Joel and Ethan Coen‘s Llewyn Davis features Oscar Isaac in the title role, a folk musician struggling to make ends meet in 1961. Davis has found himself at a crossroads in life, facing problems not only with making a break in the music business but also in his personal life, as his couch-hopping lifestyle puts strain on the relationships he relies upon to get by.
We are left in no doubt that Llewyn has talent. This is very much set in stone with a rousing opening sequence as he performs at a basket house in New York’s Greenwich Village. But it soon becomes clear that he is far from being the only talented folk performer of the day and, left as a solo artist following the death of his partner Mike, Davis struggles to make the breakthrough he desperately seeks.
As the film goes on, we follow a week in the life of our dejected and often belligerent protagonist. While it’s often a very sombre affair, an uplifting soundtrack and moments of genius comedy make this anything but the dull and depressing picture that it could have been in someone else’s hands.

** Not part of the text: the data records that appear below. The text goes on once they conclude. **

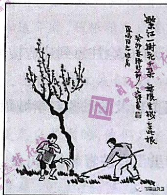
繁红一树花千朵,无限生机在此根 丰子恺画作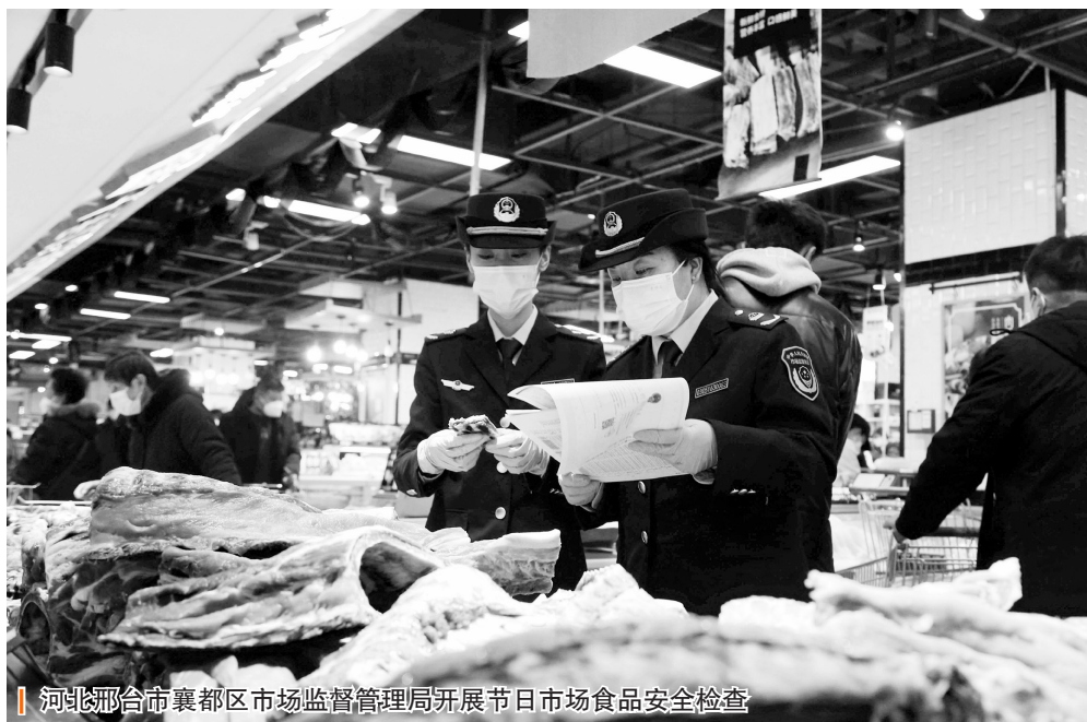
河北邢台市襄都区市场监督管理局开展节日市场食品安全检查

民以食为天，食以安为先。农产品的质量安全状况如何，直接关系到人民群众的身体健康乃至生命安全。习近平总书记在山东考察时指出，以满足吃得好吃得安全为导向，大力发展优质安全农产品。确保农产品质量安全，既是食品安全的重要内容 and 基础保障，也是建设现代农业的重要任务。为了将经实践证明行之有效的政策、措施法律化、制度化，进一步提高农产品质量安全水平，保障农产品质量安全，维护公众健康，促进农业农村经济发展，2006年我国出台了《中华人民共和国农产品质量安全法》，2018年对个别条款进行了修正。近些年，我国农产品质量安全整体态势总体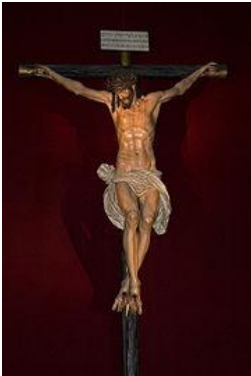
Cristo de la Clemencia.

El elemento artístico más importante de este espacio es sin duda el Cristo de la Clemencia (1603) de Juan Martínez Montañés, también llamado Cristo de los Cálices por el lugar de la catedral en que antes se encontraba, es una obra cumbre de la escultura barroca. Se trata de un bello crucificado que inspira una enorme serenidad. Tiene la particularidad de estar unido a la cruz con 4 clavos en lugar de los 3 habituales.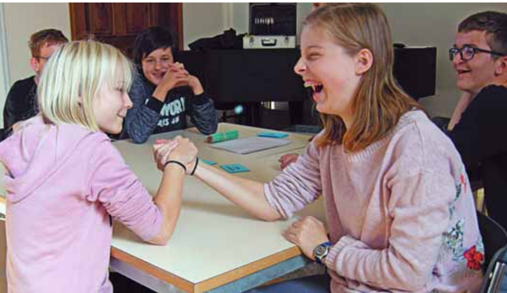
Kräftemessen anlässlich der RU-Einheit «Glück – glücklich sein» in der Kollegi-Kapelle, welche als Unterrichtsraum für die Projekteinheiten genutzt wird. In der Kapelle finden auch alle anderen Angebote sowie die Feiern und Besinnungen der Kollegi-Seelsorge statt.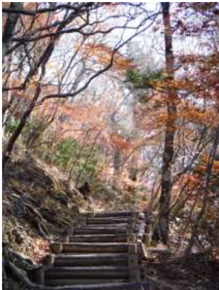
留春の滝目指して紅葉狩り!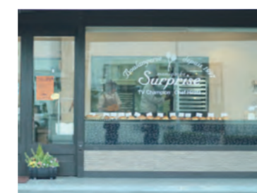
厳選素材でじっくり焼き上げたおいしいパンが並ぶブルーランジェリー・シュルプリー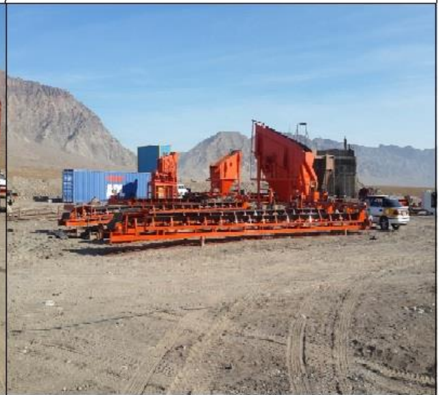
Installation of Crush Plant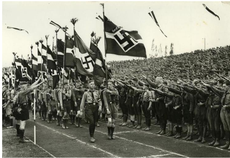
Imagen 20: Marcha de las Juventudes Hitlerianas en el Estadio alemán, 1936.

mapas, entre otras. También el ejercicio físico era fundamental para mantener un buen estado de salud.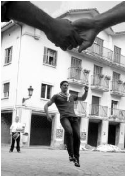
Atzoko ezkonduen dantza-sokaren une bat.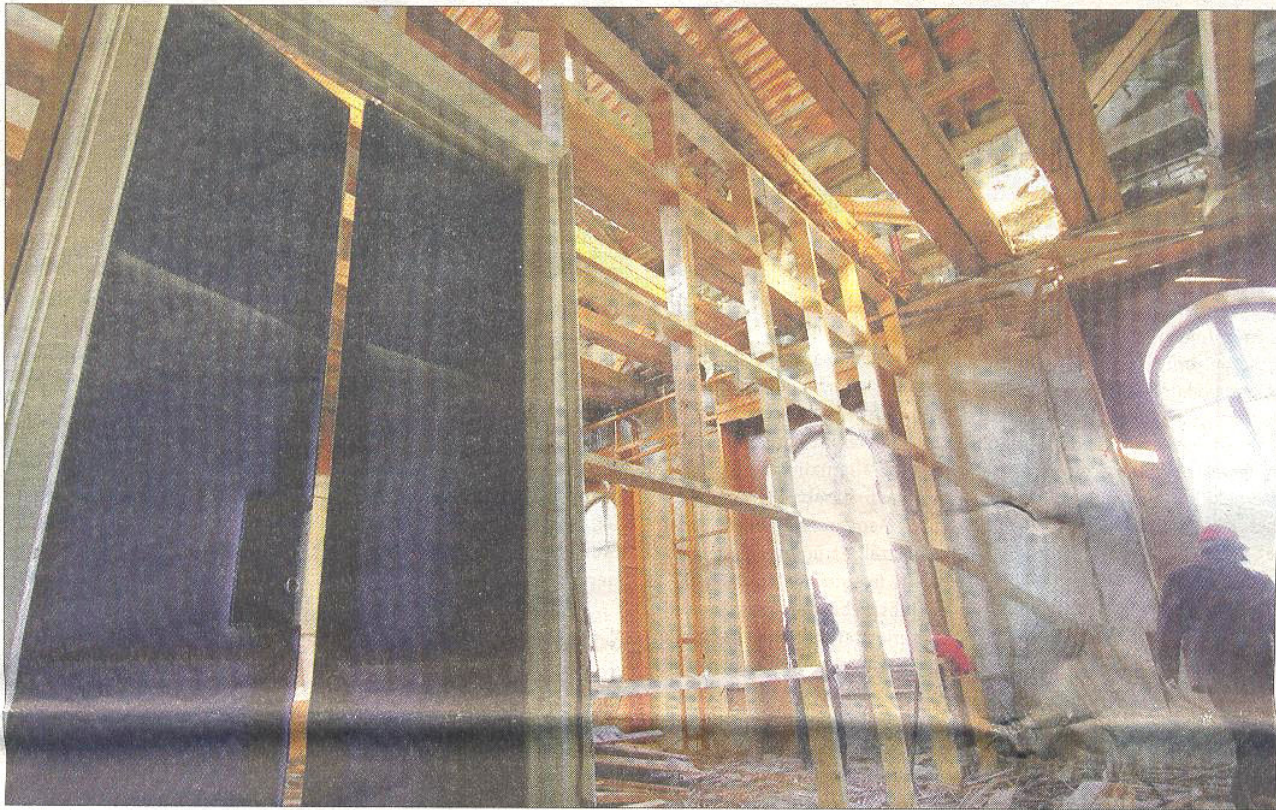
Már javában folyik a munka a Dugonics téri központi épületben.

Pályázati támogatással javulnak az oktatás, kutatás és gyógyítás körülményei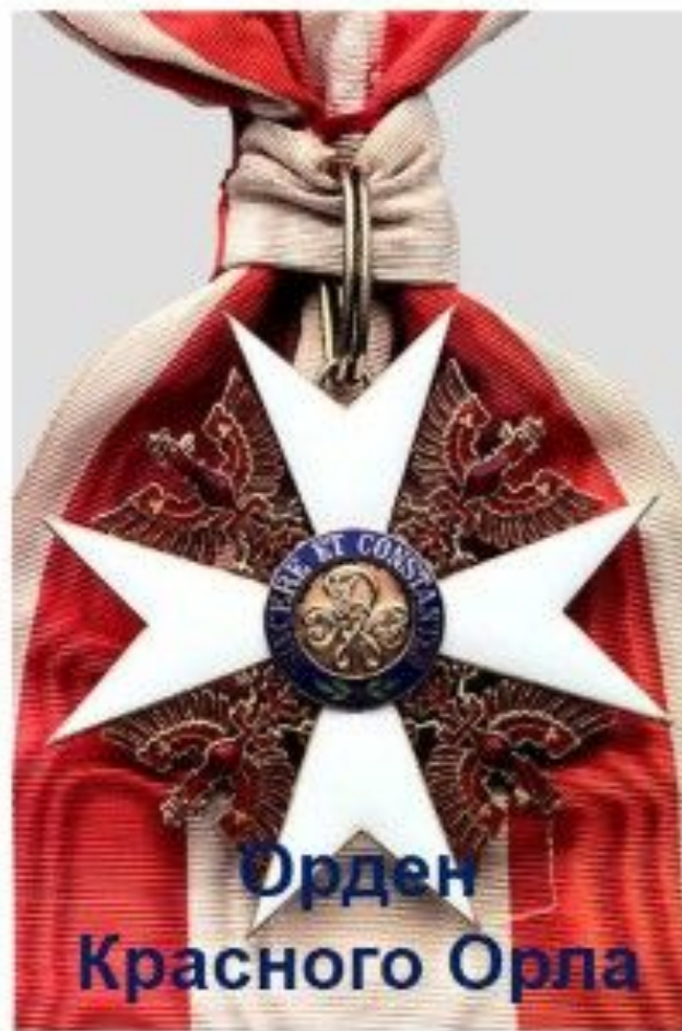
Орден Красного Орла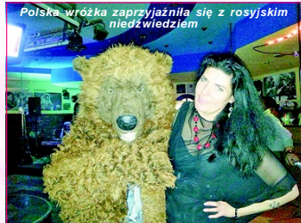
Polska wózka zaprzyjaźniła się z rosyjskim niedzwiadkiem

„Pyl Winylu” to miejsce, gdzie gromadzą się prawdziwi miłośnicy dobrej muzyki, nie tylko młodzież, ale także starsze pokolenie. Dlatego na koncert przyszło wielu wczorajszych i dzisiejszych muzyków z całego Obwodu Kaliningradzkiego, grających na gitarze dziewczyn, miłośników jazz-rocka, a także ludzie, którzy są uzależnieni od języka polskiego. Na zaproszenie administracji Klubu przybyli przedstawiciele Konsulatu Generalnego RP w Kaliningradzie, a także czasopisma „Głos znad Pregoly”.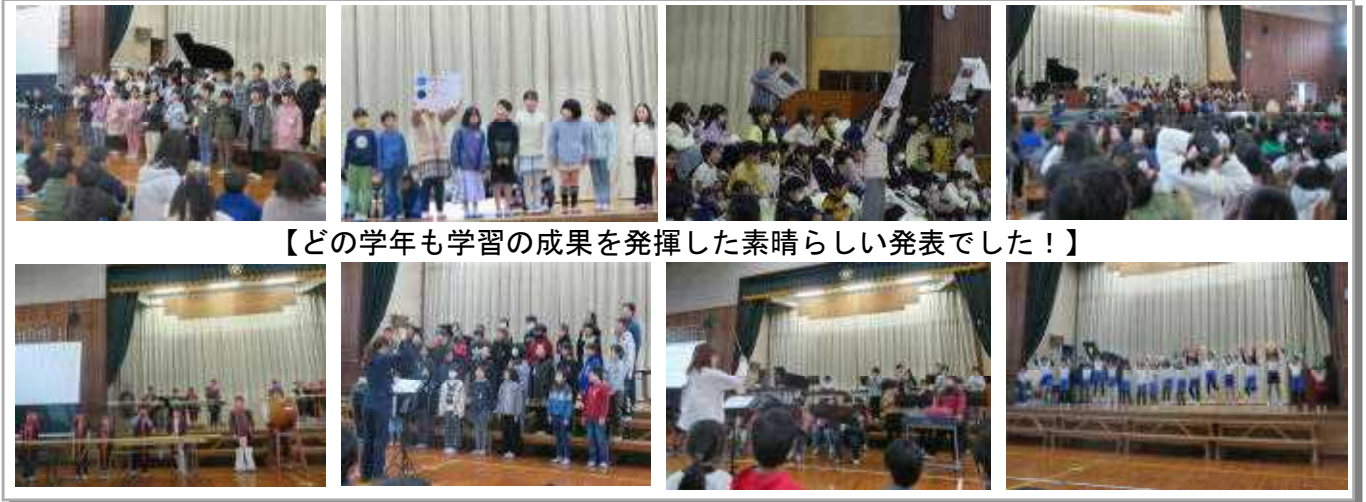
【どの学年も学習の成果を発揮した素晴らしい発表でした!】

午前の発表タイムは本校児童の学習発表だけでなく、神興幼稚園園児や福津市民吹奏楽団with福間東中吹奏楽部の皆さんの発表など、幅広い年代の方の発表を実施できました。どの発表も練習の成果が十分に発揮された素晴らしいものでした。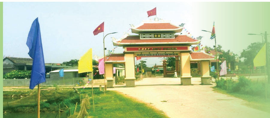
Khu dân cư làng Duy Phiên, thôn Bắc Phước xã Triệu Phước, huyện Triệu Phong ngày càng khang trang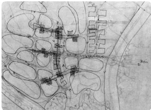
© Union des Architectes et Urbanistes de Paris

Renseignements : Maison des Projets, avenue de la Grande Cavée 02 31 95 28 37 - maisondesprojets@herouville.net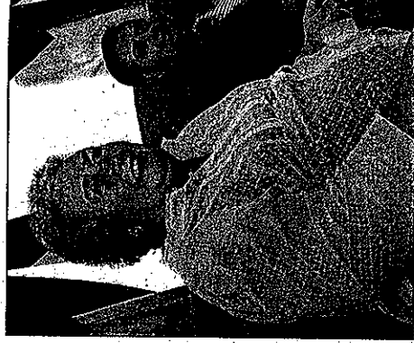
Les trois députés bloquistes de Laval se réjouissent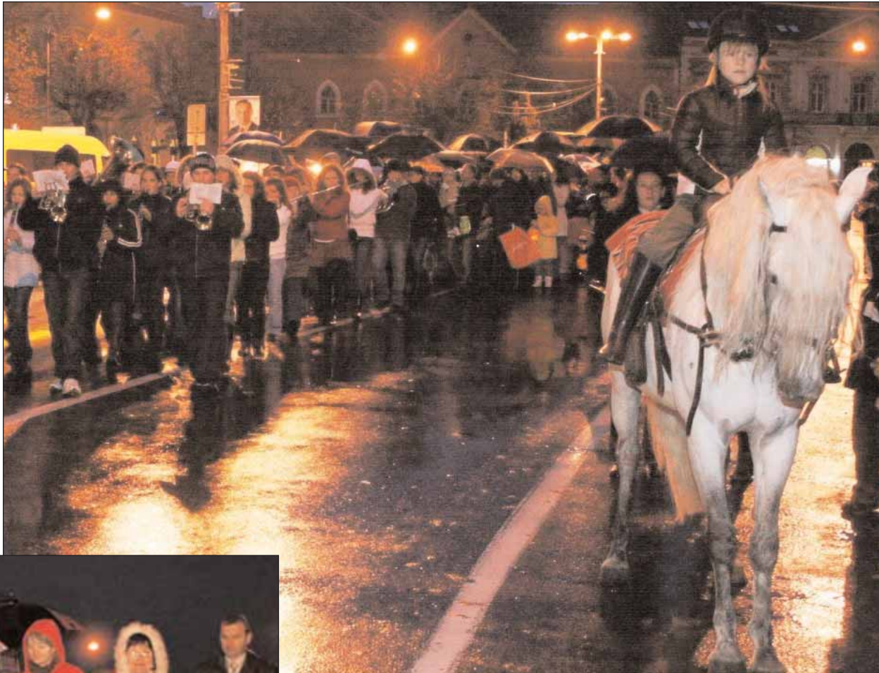
Der Umzug wurde von einem reitenden Kind angeführt

Der junge Martin wurde von einem neunjährigen reitenden Kind dargestellt. Er führte den Martinsumzug an. Ihm folgten die Vereinten Blaskapellen aus Fienen/Foieni, Schamagosch/Ciumești und Schinal/Urziceni und hunderte von Kindergarten- und Grundschulkindern mit ihren Eltern und Lehrern. Diesmal feierten mit den Schülern des Johann-Ettinger-Lyzeums und den Kindern des katholischen Hám-János-Kindergartens auch Schüler der Allgemeinschule Nr. 10 und der Lucian-Blaga-Schule mit.

The acting is terrific throughout, with Oscar Isaac carrying the weight of the whole movie on his shoulders and delivering with perfection a performance that struck just the right balance of melancholy and humour. John Goodman provides an equally bright turn in one of the smaller parts that, between them, really give bring the film to life
This isn’t a classically Coenesque movie, perhaps. At times it’s very different to their previous work, but there are moments that remind us that it is very much their picture.
One thing I wasn’t bargaining for was the additional acoustics that came courtesy of the Salle du Soixantième theatre itself. Built 6 years ago to celebrate the Festival’s 60th Anniversary, the Soixantième is a semi-permanent structure (it certainly isn’t made out of bricks and mortar, anyway!) with a tendency to be somewhat susceptible to the high winds rushing in off the Côte d’Azur. Yesterday these winds found their way through a vent and created a whistling noise that was a most unwelcome distraction. Towards the end of the movie the winds evidently had picked up further, offering a drum beat as the theatre’s tarpaulin battered again the structure. Perhaps this percussion was what Llewyn Davis needed to finally make his break in the music industry.
And it was straight back in to the Salle du Soixantième for Blind Detective, screening out of competition from veteran director Johnnie To.
Johnston is a former police detective, still highly talented despite losing his sight after becoming blind while on duty. He continues to solve cold cases for the police, picking up bounties to earn his living. During an investigation he encounters Ho, a young officer quickly rising the ranks but lacking the thoughtfulness of Johnston, who she hires to help her find a long lost childhood friend.
Movies at Cannes often cross genre boundries in a heartbeat, but none more so than Blind Detective. A murderous thriller, outrageous slapstick comedy, romantic love-triangles, drama. It has it all. And this is before you get to the cannibalism and mutilation.
Throughout we are taken back in time as Johnston attempts to act out and think his way through to solving the crimes; often inexplicably, but amusingly, finding the answer. These flashback moments were vividly and smartly shot, slapstick hilarity juxtaposed against a backdrop of increasingly sinister and blood drenched crimes. The ease at which the film interlaces the past and the present is genuinely brilliant and honestly impressive.
The sound dubbing was at times horrendous, though. Although I naturally was following the subtitles, the lack of sync between what was being spoken and the sounds heard felt amateurish in a movie which actually featured so much polish elsewhere.
Although a sprawling cross-genre movie, the story is actually wafer thin, with numerous pointless segments (inparticular an explicable 10 minute sequence following “Grandma”) and repetitive humour, which sometimes make Blind Detective somewhat of a drag.
As I sat here writing this report in the Cannes press room, ahead of a screening of Takeshi Miike’s Shield Of Straw, drama unfolded as two birds managed to fly inside. Fortunately no bird shit found its way onto the rather swish HP all-in-one computers and order was restored as a French journo took matters into his own hands, catching the birds and letting them out to safety.
Sounds like a metaphor for something, Peter? – Brendon. We look forward to your next report.